This workflow requires two operations: a grouping operation using the `group_by` function and a summary operation using the `summarise`/`summarize` function. Here, we'll compute two summary statistics: minimum delay time and maximum delay time.
```{r}
library(dplyr)
df %>%
group_by(Weekday) %>%
summarise(min_delay = min(Delay), max_delay = max(Delay))
```
Note that the weekday follows the chronological order as defined in the `Weekday` factor.

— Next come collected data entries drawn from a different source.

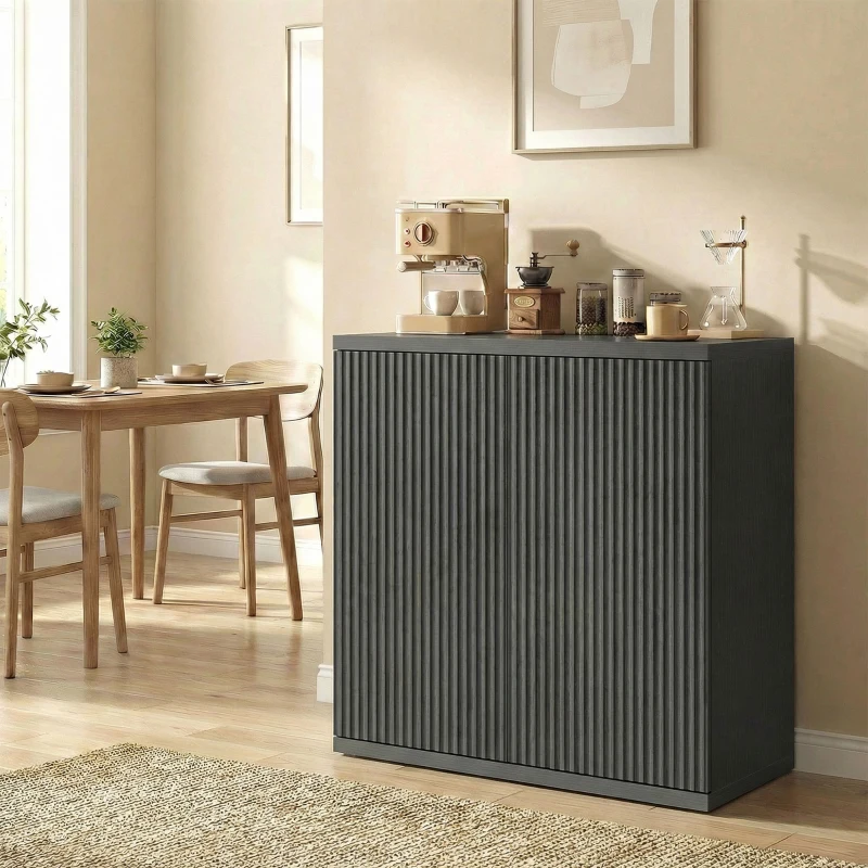 HOMCOM Sideboard Buffet Cabinet, 30.7" Kitchen Cabinet with Soft-Close Door and Adjustable Shelves, Distressed Black Grey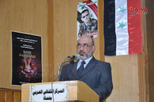 وقال الدكتور محمد حوراني رئيس اتحاد الكتاب العرب في سورية خلال كلمة ألقاها “إن الراحل قامة فكرية وأدبية مؤثرة في المشهد الثقافي والفكري ورحل بعد أن خلدته عشرات الأعمال العظيمة حيث أبدع في تقديم إنتاج غني عن تراث مدينته وأعلامها”.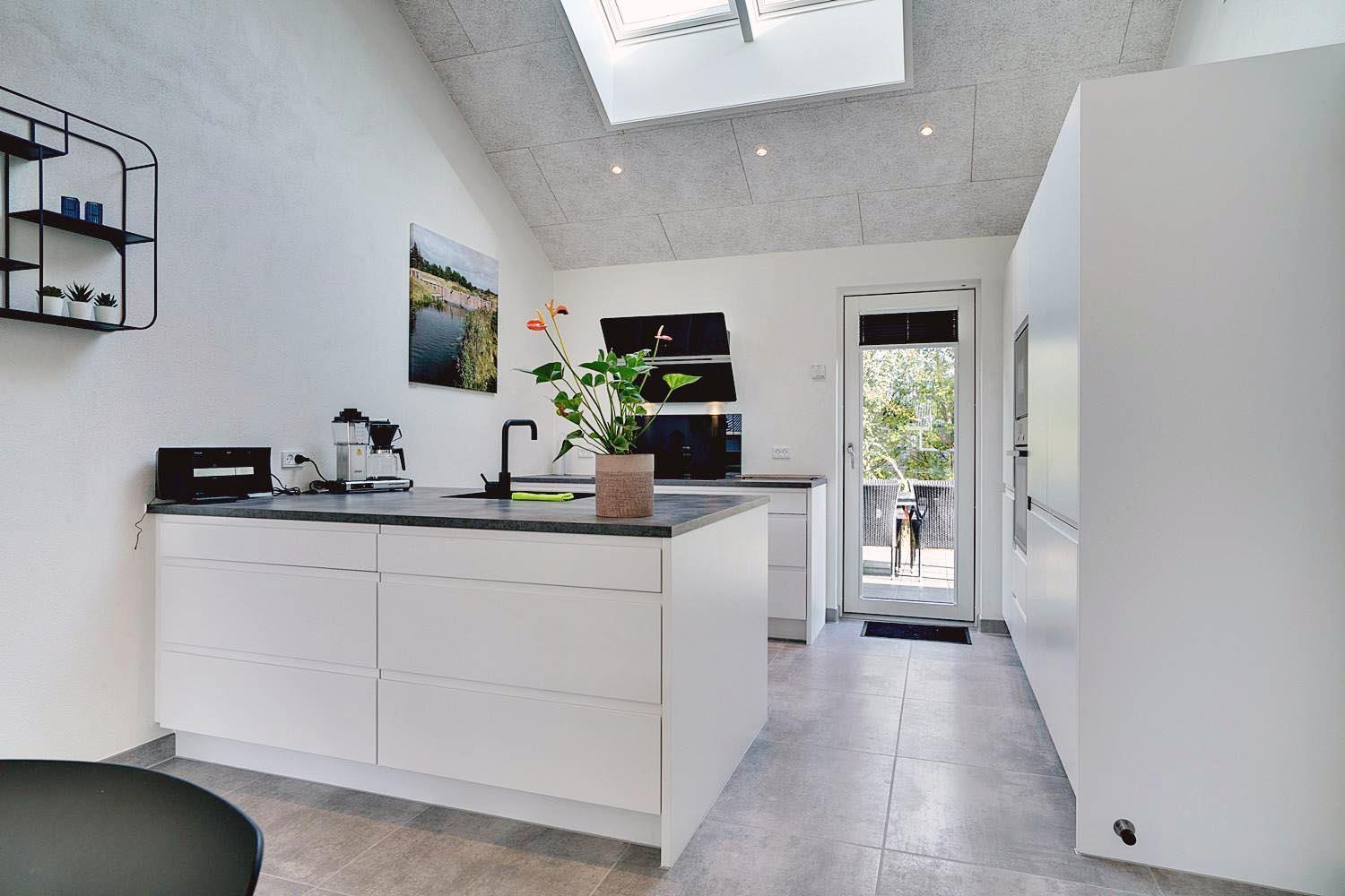Stort køkken kombineret med spiseplads og opholdsstue med brændeovn og varmepumpe - et vand til luft anlæg sørger for godt indeklima og en reduceret strømregning. Overalt er her gulvvarme. Dejligt indgangsparti med bryggers.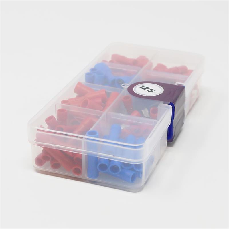 125-teiliges Sortiment mit verschiedenen Kabelschuhen in rot und blau für Leitungsquerschnitte zwischen 0,5 und 2,5mm², in praktischer Kunststoffbox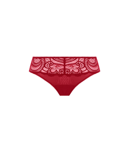 - Slip normale hoogte - Transparant voor-en achteraan - Gelazerde, kanten boord op de billen - Gevoerd met katoenen kruisje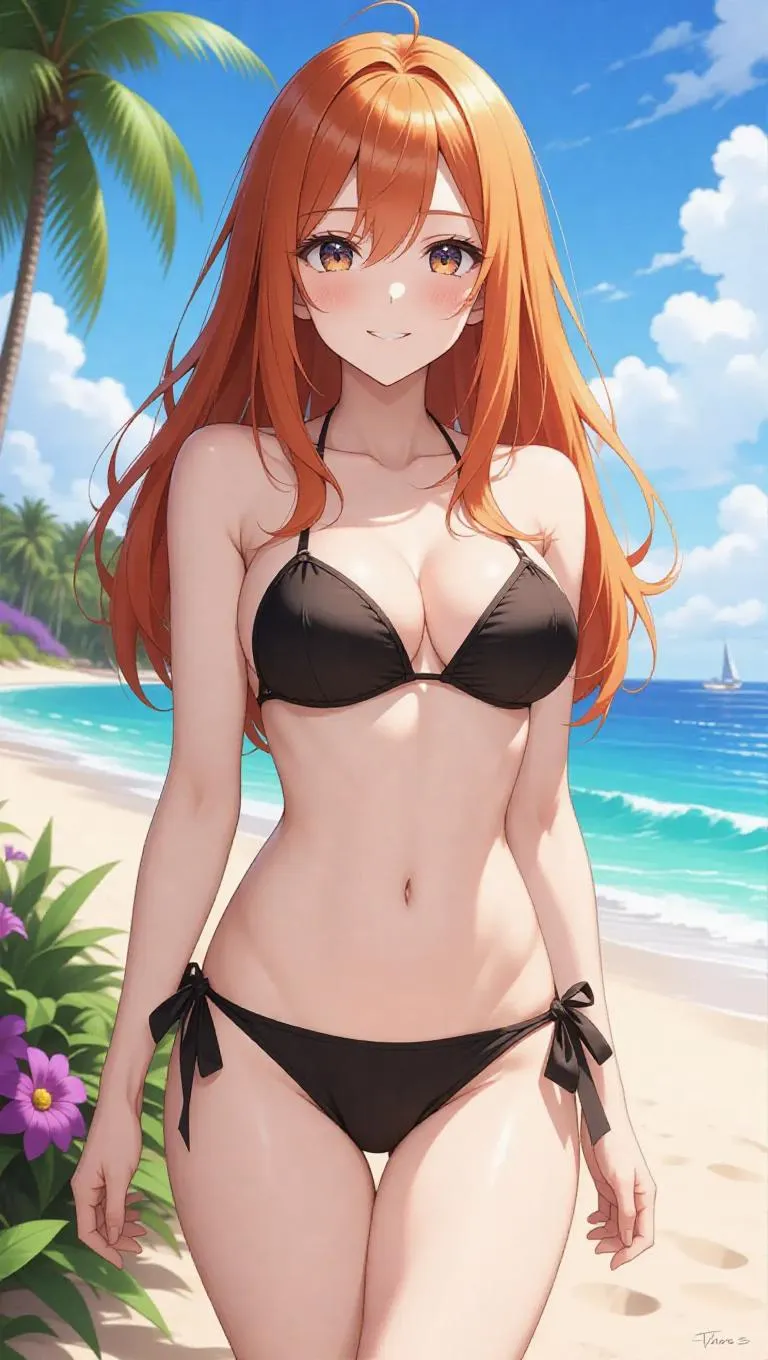 Create stunning AI-generated anime art of a 25-year-old woman with vibrant orange hair, brown eyes, and a slender waist. Featuring a black strapless bikini, radiant smile, and lifelike anime-style details. Perfect for swimsuit-themed digital art, character design, or AI-enhanced creative projects. Professional-grade visuals powered by VivaGo.ai's image generation tools.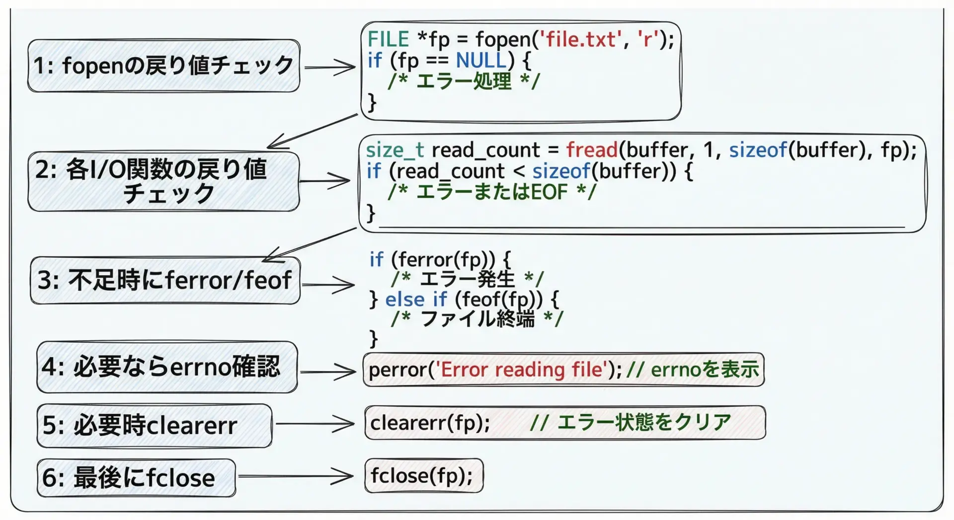 書き込みエラーは気づきにくいため、重要な出力の直後はfflushとferrorを確認するのが堅実です。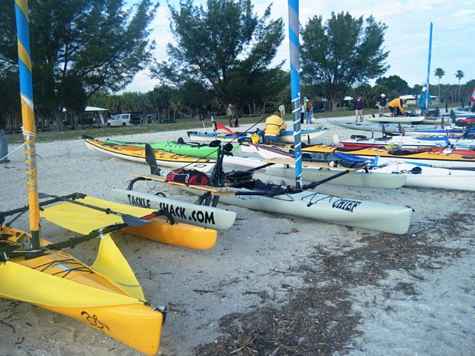 Here's some shots of the beach with the Everglades Challenge boats all lined up for the start. Chuck stopped by the Tiki hut and I took him for a ride on a real boat, "Helen Marie".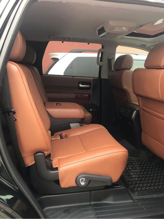 进口2018款丰田红杉5700顶配白金版保留了原来的车身侧面,但是后视镜和车门把手改为亮金属颜色,增加了几分时尚质感。大面积的梯形进气格栅,巨大的保险杠,大轮眉,让红杉的车头力量感呼之欲出。红杉外观很简洁大气,非常的低调,没有狂妄的感觉,但是追求的是内涵。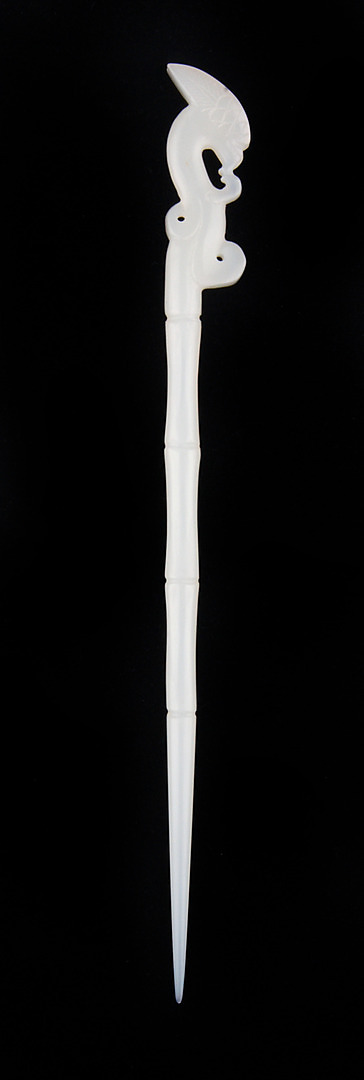274207. CHINA. "JADE, KLIPPET HÅRNÅL I FORM AF BAMBU & FUGLE".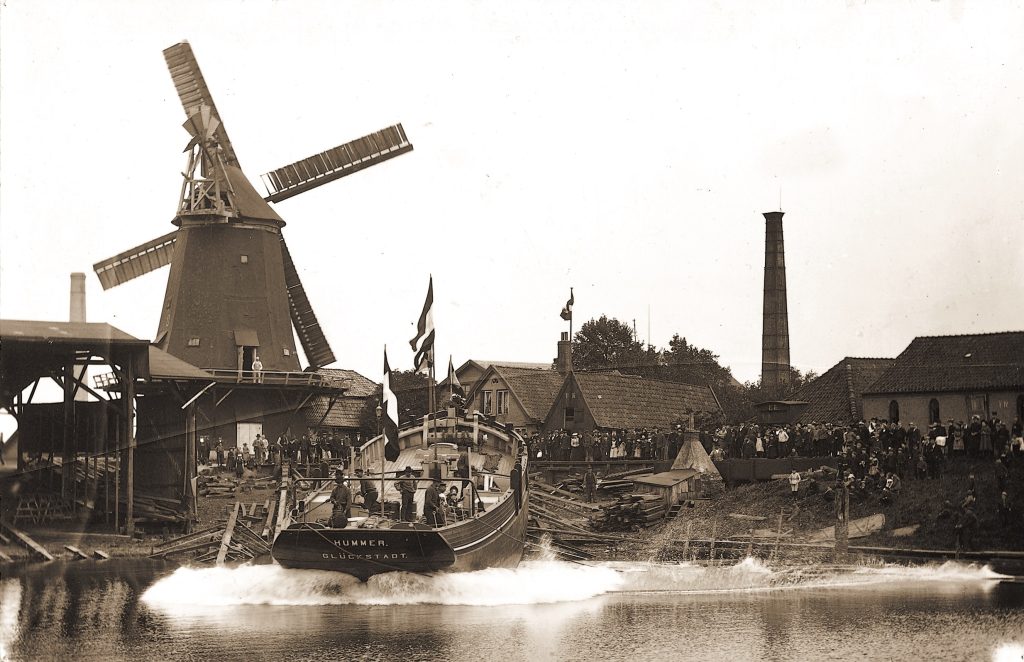 Der hölzerne Segellogger Hummer (SG 16) läuft 1904 bei der Glückstädter Werft Gehlsen vom Stapel.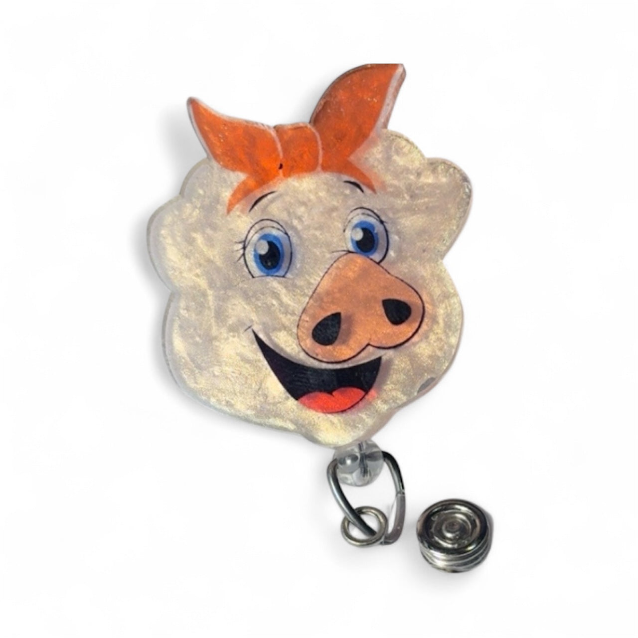 pig with red bow no beads alligator clip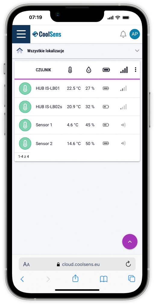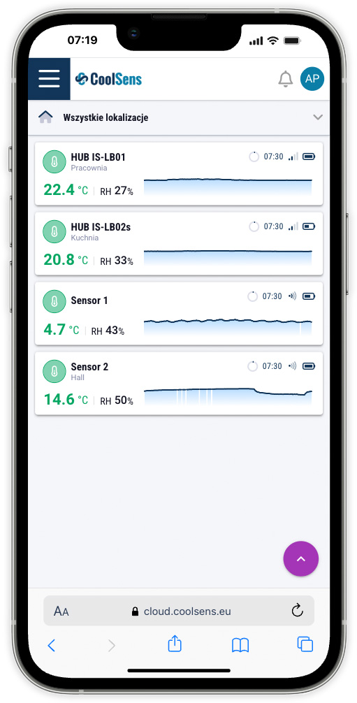 Pulpit wyświetlany po uruchomieniu aplikacji prezentuje kluczowe informacje odczytywane przez urządzenia monitorujące. Zawiera on wszystkie koncentratory i czujniki dodane do konta, niezależnie czy zostały już uruchomione, skonfigurowane i czy przesłały jakie dane do chmury.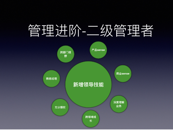 同时,作为二级管理者,还需要培养一级管理者和架构师,教练他们是很关键的管理动作。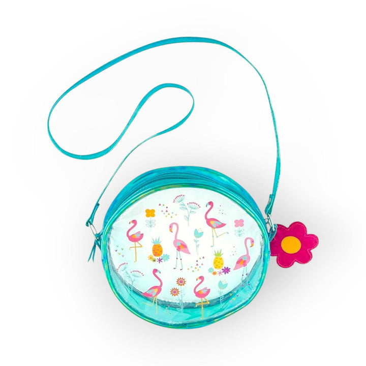 Stephen Joseph Clear/Iridescent Crossbody Purse Flamingo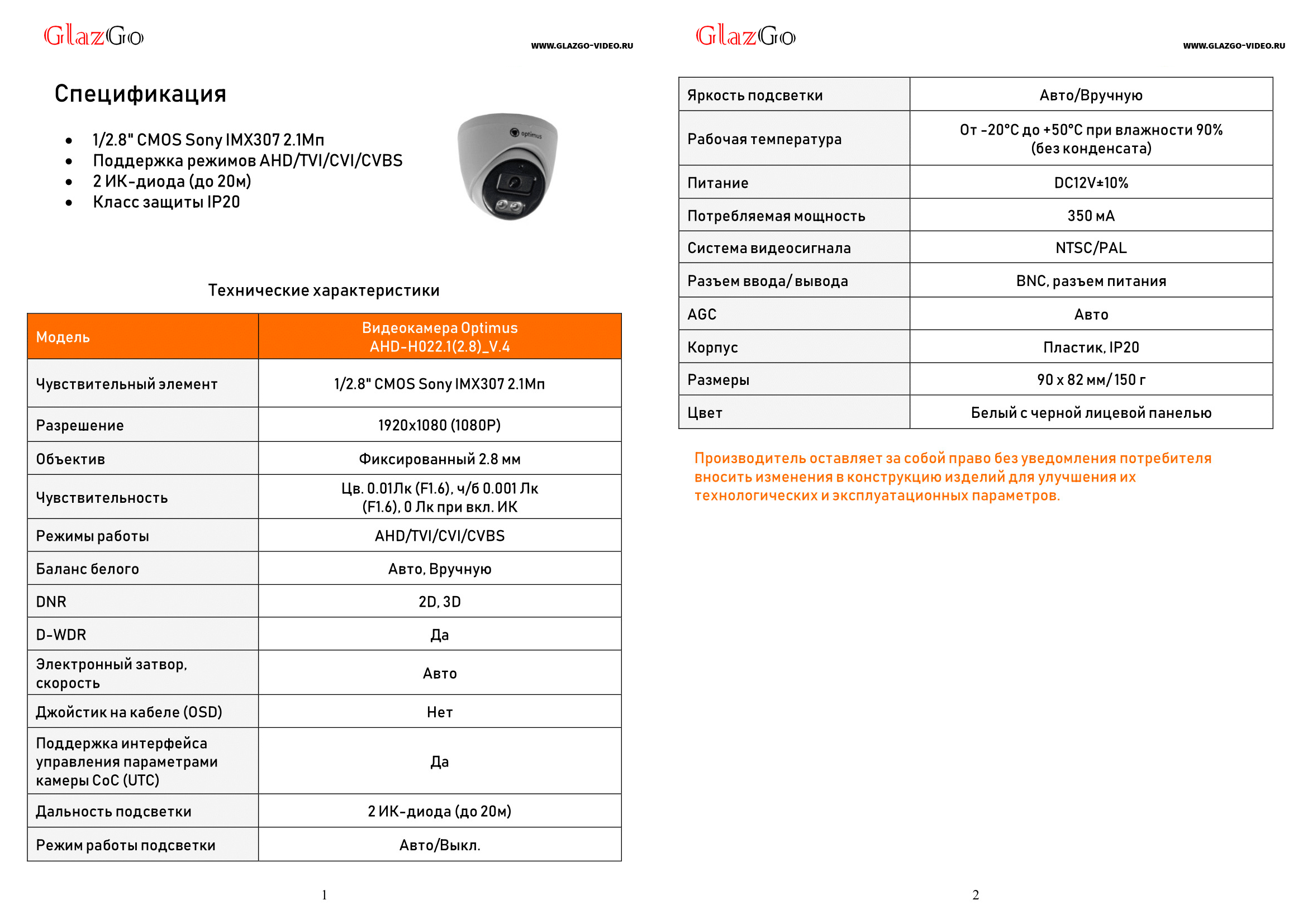 С Optimus AHD-H022.1(2.8)_V.4 вы можете быть уверены, что ваш объект под надежной защитой!
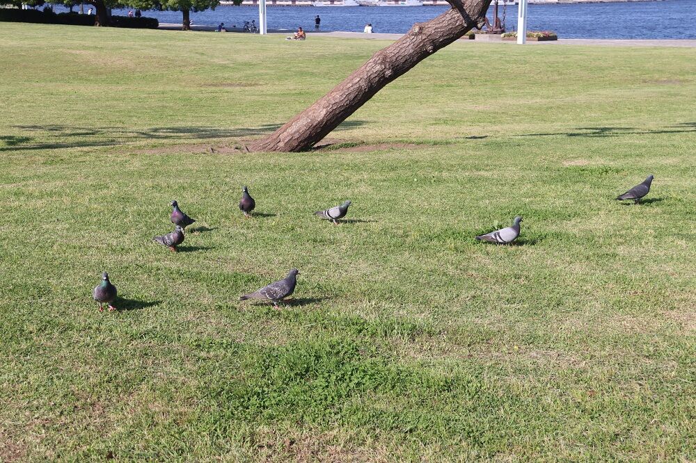 写真を撮影した日もキジバトのグループがソーシャルディスタンス?を保ちながらおそと時間を過ごしているのが印象的でした。

You'll also note that the output is a `tibble`. This data class is discussed at the end of this page.
### Grouping by multiple variables
You can group by more than one variable. For example, let's build another dataframe listing the average delay time in minutes, by quarter, by weekend/weekday and by inbound/outbound status for Logan airport's 2014 outbound flights.
```{r}
df2 <- data.frame(
Quarter = paste0("Q", rep(1:4, each = 4)),
Week = rep(c("Weekday", "Weekend"), each=2, times=4),
Direction = rep(c("Inbound", "Outbound"), times=8),
Delay = c(10.8, 9.7, 15.5, 10.4, 11.8, 8.9, 5.5,
3.3, 10.6, 8.8, 6.6, 5.2, 9.1, 7.3, 5.3, 4.4))
```
The goal will be to summarize the delay time by `Quarter` and by `Week` type as shown in the following graphic.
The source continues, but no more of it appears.